Un Glenn Gould peut en cacher un autre

Tout a été dit sur Glenn Gould, même le superflu : à preuve la funambulesque préface de Jacques Drillon à cette réédition bienvenue des entretiens téléphoniques (et non téléphonés) du pianiste canadien avec Jonathan Cott, journaliste à Rolling Stone, en 1974. Il y évoque ses adieux à la scène dix ans auparavant, l’interprétation de Bach et de Mozart, son goût des compositeurs décadents (Gibbons, Strauss), la supériorité de Petula Clark sur les Beatles et de Mendelssohn sur Moussorgski (en raison de son plus faible « coefficient d’imprévisibilité »), son goût de la solitude et sa haine des légumes, mais il n’est au fond question que d’une chose : la conception idéelle, voire « non musicale » que Gould se fait de la musique, ce qui n’interdit ni l’humour, ni l’excentricité, ni la provocation (« tout ce qu’il faut savoir pour jouer du piano s’apprend en une demi-heure »).
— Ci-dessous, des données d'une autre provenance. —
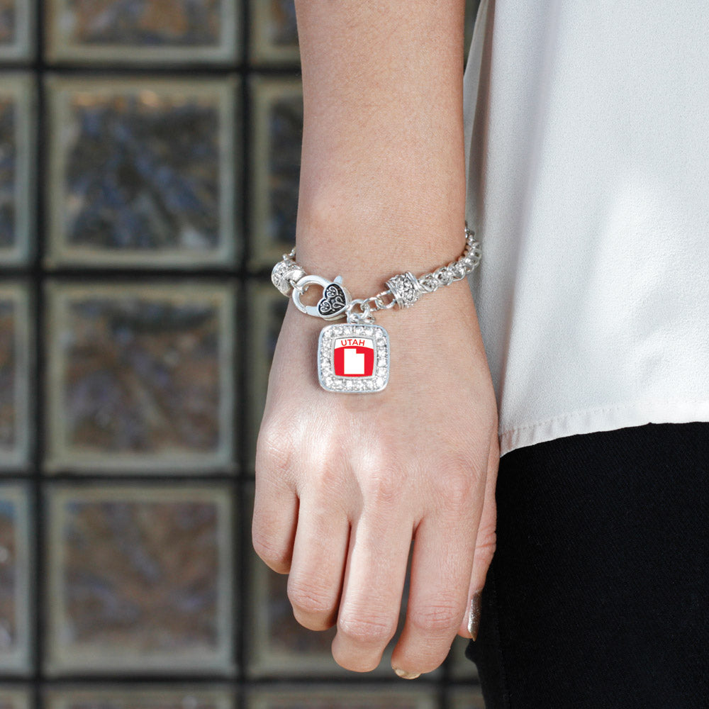 Our sparkling braided bracelet, equipped with a stylish lobster claw clasp and the Utah Outline square charm, is crafted from white metal with a silver plated finish and accented with cubic zirconia stones.

Dans une introduction inédite, évoquant « l’illumination musicale, émotionnelle et spirituelle » que fut pour lui, à treize ans, l’écoute des Variations Goldberg enregistrées par Gould en 1955, Cott parle de sa « conception nietzschéenne de l’art ». On ne saurait mieux décrire les points de vue souvent déroutants, toujours brillants et stimulants d’un pianiste qui ne se croyait pas interprète.

 

Olivier Philipponnat

 

Glenn Gould, Entretiens avec Jonathan Cott, Les Belles Lettres, février 2012, 160 p., 13 €.